The film’s finest supporting roles though come from Vincent Price and Gladys Cooper. Price is superb as the man of science and reason who worries over the implications of fanaticism and the damage hysteria can cause, but is never simply prejudiced or Dawkinsish in his religious doubts. King’s film treats his concerns with a genuineness that makes both the character more interesting and the film more balanced. Cooper is brilliant as a Salieri-like nun, enraged with envy and jealousy that after years of devotion and suffering it is not she but Bernadette who gets the visions.

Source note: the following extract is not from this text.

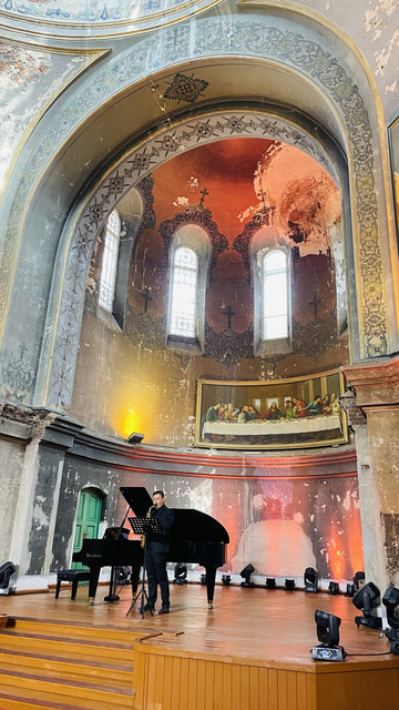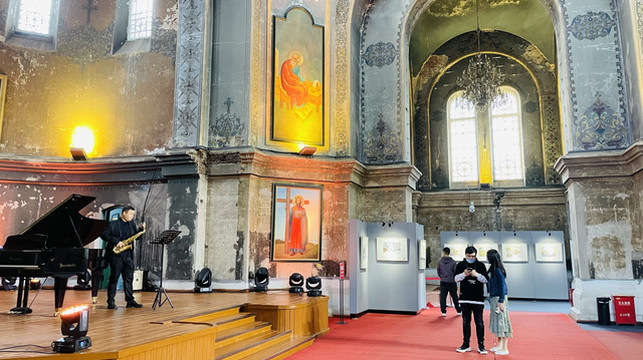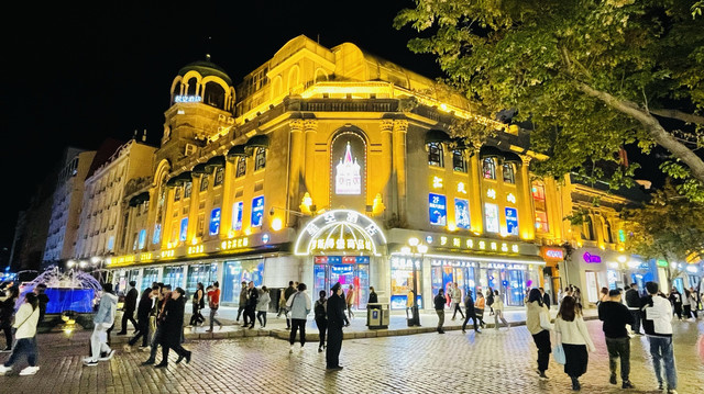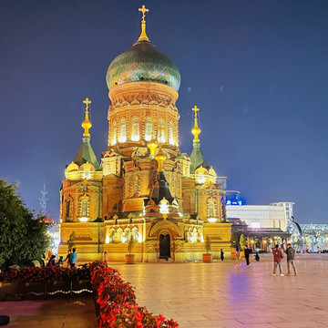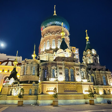 索菲亚街角咖啡的位置拍摄最佳,其他角度拍会拍到背后的现代建筑,去时正好有音乐画展,门票20元/人,一张门票可以去街角咖啡换一根马迭尔雪糕,这个雪糕的口味好像大白兔奶糖,奶味还可以。教堂晚上会开灯

And why did Bernadette get those visions? The film is not crude enough to suggest why – Bernadette herself apologises for the trouble she has caused and her unworthiness – but it’s clear that it’s her very innocence and sincerity that makes her worthy of them. The design – and impressive score by Alfred Newman – helps to make the film feel as profound as it does, but it’s the balance that the film handles its characters with that makes it engrossing. There are no simple heroes or villains, just as there are no simple solutions. Like the film says at the start, it’s a question of faith. Those who do not wish to believe can marshal as many arguments in their favour as those who want nothing more than to trust in faith. It makes for a fine, balanced, engaging and well-made classic.